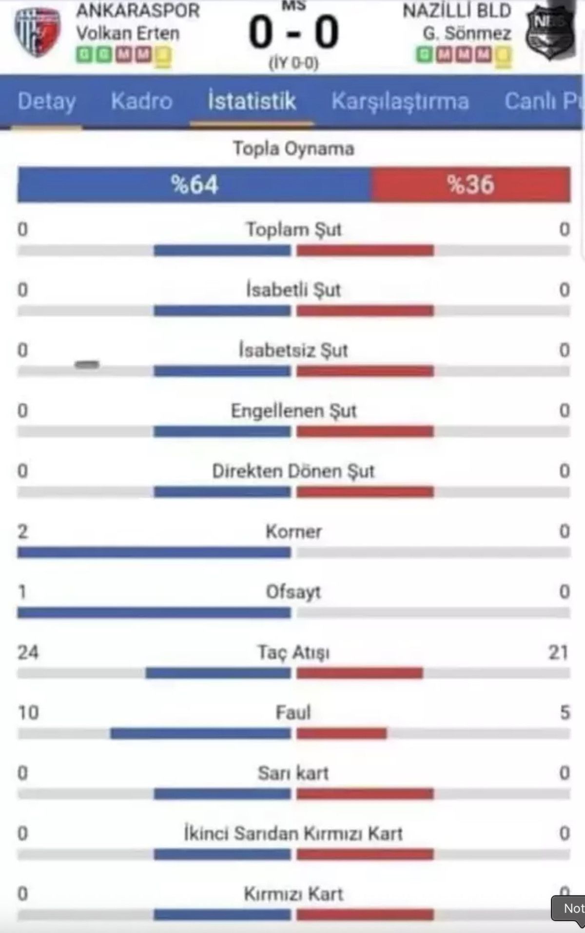 Ayrıca karşılaşmada Ankaraspor 10 faul, Nazilli Belediyespor ise 5 faul yapmış ve hakem kartına başvurmamıştı.
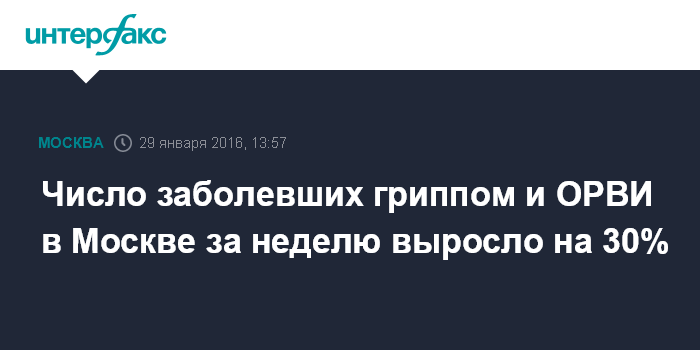 Москва. 29 января. INTERFAX.RU - Прирост заболеваемости ОРВИ и гриппом в Москве за неделю составил 30%, заявил в пятницу первый заместитель руководителя департамента здравоохранения столиы Николай Потекаев.
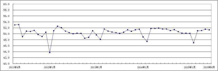 图1 2011年4月-2015年6月广东省重点企业PMI趋势图

Your task
Provide the listing above once more, exactly, with the pictures removed.

Reply
 Ayrıca karşılaşmada Ankaraspor 10 faul, Nazilli Belediyespor ise 5 faul yapmış ve hakem kartına başvurmamıştı.
 Москва. 29 января. INTERFAX.RU - Прирост заболеваемости ОРВИ и гриппом в Москве за неделю составил 30%, заявил в пятницу первый заместитель руководителя департамента здравоохранения столиы Николай Потекаев.
 图1 2011年4月-2015年6月广东省重点企业PMI趋势图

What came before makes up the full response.